El torero extremeño, cómodo y
seguro con un dócil mansito de Victoriano del Río. El joven valenciano, pura
espuma, arriesga con el único toro de corrida que peleó en serio.
BARQUERITO
EN LA CORRIDA DE Victoriano del Río vinieron tres toros
cinqueños. No se abrieron en lotes separados según costumbre, sino que dos de
ellos se emparejaron. Los toros de Castella. Retinto el primero de la tarde,
más pegajoso que andarín, pero un poco las dos cosas. Estuvo por irse. Castella
abrió faena sentado en el estribo. Como el toro quería tablas, por tablas se
fue barbeándolas desentendido y al trote.
Hubo que recogerlo en el tercio y, luego, taparlo por
sistema, porque por las dos manos adelantaba, como suelen los andarines y
pegajosos. El trasteo no fue de castigo, ni de trámite tampoco, pero se
resolvió en un cúmulo de muletazos seguros, ligeros, seguidísimos. Contra toda
razón, faena de larga medida. De las de tomar tierra al arrancar curso. Y el
primero de los cuatro avisos que iban a sonar en otra tarde de las de dos horas
y media, y, por tanto, mucho tiempo perdido, hueco o muerto.
Aviso en cada toro de lote de Castella. Y Perera lo mismo.
Perera espació más y mejor los tramos de sus dos trasteos, pero Castella no
paró de pegar muletazos. Tantos que la segunda de sus dos faenas -buena
apertura por estatuarios en los medios cosidos con cuatro naturales y el de
pecho- llegó a adquirir forma maquinal, como de toreo seriado, del todo
predecible y con la idea aparente de tapar y tapar al toro, Castella encima,
pero sin descararse propiamente ni tener que inventarse nada.
El toro pegajoso tuvo su punto incierto propio.
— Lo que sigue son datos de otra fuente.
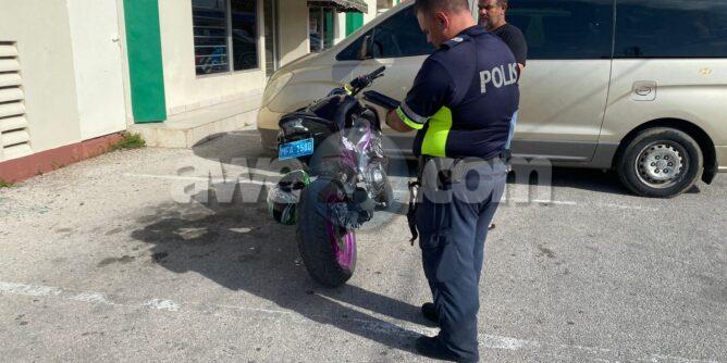 Diahuebs mainta a drenta otro informe di accidente cu hende herida esaki ta banda di Giselle na Noord, mesora a dirigi tanto polis como ambulans na e sitio. Na yegada di e patruya a bin compronde cu aki ta trata di un pick-up di Arugas cu a bira na man robes sin a duna preferencia na e brommer cu tabata pasando e na su man robes y a bay dal e bente abao. Debi na e sla y caida e motociclista a resulta herida. Na yegada di e ambulans nan a atende e victima y a transporte pa hospital.

Este cuarto,
el último de los tres cinqueños que saltaron, no fue carne ni pescado, se
distrajo con ese aire ajeno tan de los mansos. Era burraco de pinta, como
tantos de la reserva Algarra de Victoriano del Río. Castella cumplió de capa
con sus preparatorios de curso y temporada: un quite ajustado por chicuelinas
al toro pegajoso –que ya lo fue entonces y se revolvió en un palmo- y una
gavilla de lances en el recibo del burraco: verónicas a suerte descargada y
chicuelinas en el mismo paquete. Mixtura heterodoxa. Al cuarto lo mató el torero
de Béziers de estocada al salto.
El otro cinqueño cayó en manos de Perera y se jugó de
segundo. Retinto o, como dicen los mayorales andaluces, tostado. Engatillado.
Fue toro de dos partes. Galopó de partida, se empleó en un valiente quite de
Román por tafalleras rematado con una gloriosa larga enroscada y una bien
librada brionesa y vino pronto a la mulera de Perera en una apertura muy de su
marca: cambiados por la espalda con su coda de muletazos en la surte natural y
el de pecho.
A suerte descargada, una tanda en redondo con remate a
muleta vuelta y cambiada. Y entonces se vino abajo el toro, empezó a frenarse y
a amenazar con rajarse. Buscaba tablas con la mirada, le estorbaba la presencia
de Perera y, tras dos intentos de escapada, al fin se fue a chiqueros y
aledaños. No a defenderse sino a vegetar. Perera porfió en terrenos del toro.
Ni caso. Una estocada ladeada, tres descabellos.
Dos de los tres cuatreños entraron en el lote de Román. El
tercero de la tarde fue el único de la corrida con chispa de la que enciende el
motor y ganas de pelea. Una gota agresiva por la mano derecha, más apagado por
la otra. El toro que conviene a los toreros nuevos: por moverse. Y su
inconveniente: descomponerse cuando no vino sometido.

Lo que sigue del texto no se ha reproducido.